The articles of association of Fresenius SE & Co. KGaA and the rules of procedure of the Supervisory Board of Fresenius SE&Co. KGaA regulate the details with regard to the Supervisory Board's election, constitution, term of office, meetings and resolutions, and rights and duties. They are published on our website, see www.fresenius.com/ corporate-governance.
Information on the Compensation of the Supervisory Board of Fresenius SE
The Supervisory Board of Fresenius SE & Co. KGaA is of the opinion that all its members are independent. The Supervisory Board shall include what it deems to be an appropriate number of independent members who do not have any
business or personal relationship with the Company, its corporate bodies, a controlling shareholder, or a party related to the latter that may give grounds for a material and not merely temporary conflict of interest. This also applies to Klaus-Peter Müller, who has been member of the Supervisory Board for more than 13 years. His performance in office demonstrates the necessary critical distance to properly advise and monitor the business conduct of the general partner in every respect.

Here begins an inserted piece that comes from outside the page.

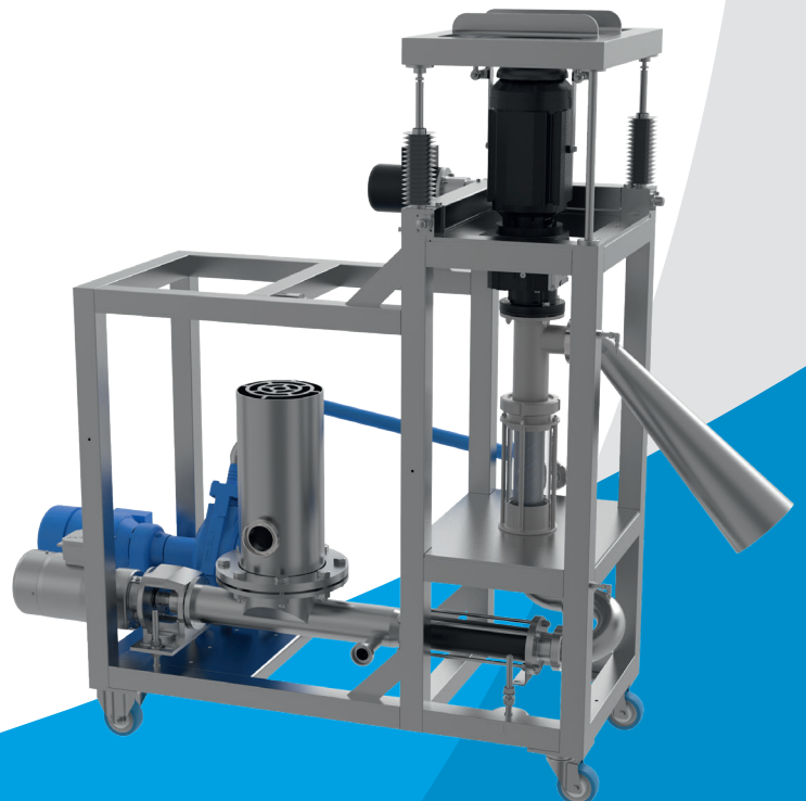
A complete GEA vaculiq 100 unit pre-mounted on a mobile, ready-to-juice skid with all connections, fittings and controls

The general partner, acting through the Management Board, and the Supervisory Board of Fresenius SE & Co. KGaA are committed to the interests of the Company. The members of these bodies neither pursue personal interests in the performance of their duties nor grant unjustified advantages to other persons. Any sideline activities or transactions of the members of the executive bodies with the Company must be disclosed to the Supervisory Board without delay and approved by the Supervisory Board. The Supervisory Board of Fresenius SE & Co. KGaA reports to the AGM on any conflicts of interest and their treatment. There were no conflicts of interest of Supervisory Board members in the past fiscal year.

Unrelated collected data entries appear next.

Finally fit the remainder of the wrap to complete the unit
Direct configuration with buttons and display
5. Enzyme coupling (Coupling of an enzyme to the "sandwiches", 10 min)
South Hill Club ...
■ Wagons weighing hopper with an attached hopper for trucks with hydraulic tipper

Fresenius publishes information on related parties on page 380 of the Annual Report.
The members of the Supervisory Board independently take on necessary training and further education measures required for their tasks. They keep themselves regularly informed, through internal and external sources, about the latest requirements with regard to their supervisory activities. The Supervisory Board at all times ensures that its members are suitably qualified, keep their professional knowledge up to date, and further develop their judgment and expertise. They are supported appropriately by the Company in accordance with the Code. External experts as well as experts from the Company continuously provide information about important developments, for example about relevant new laws and precedents, or changes in the IFRS accounting and auditing standards. In addition, the Company holds an onboarding event for new members of the Supervisory Board.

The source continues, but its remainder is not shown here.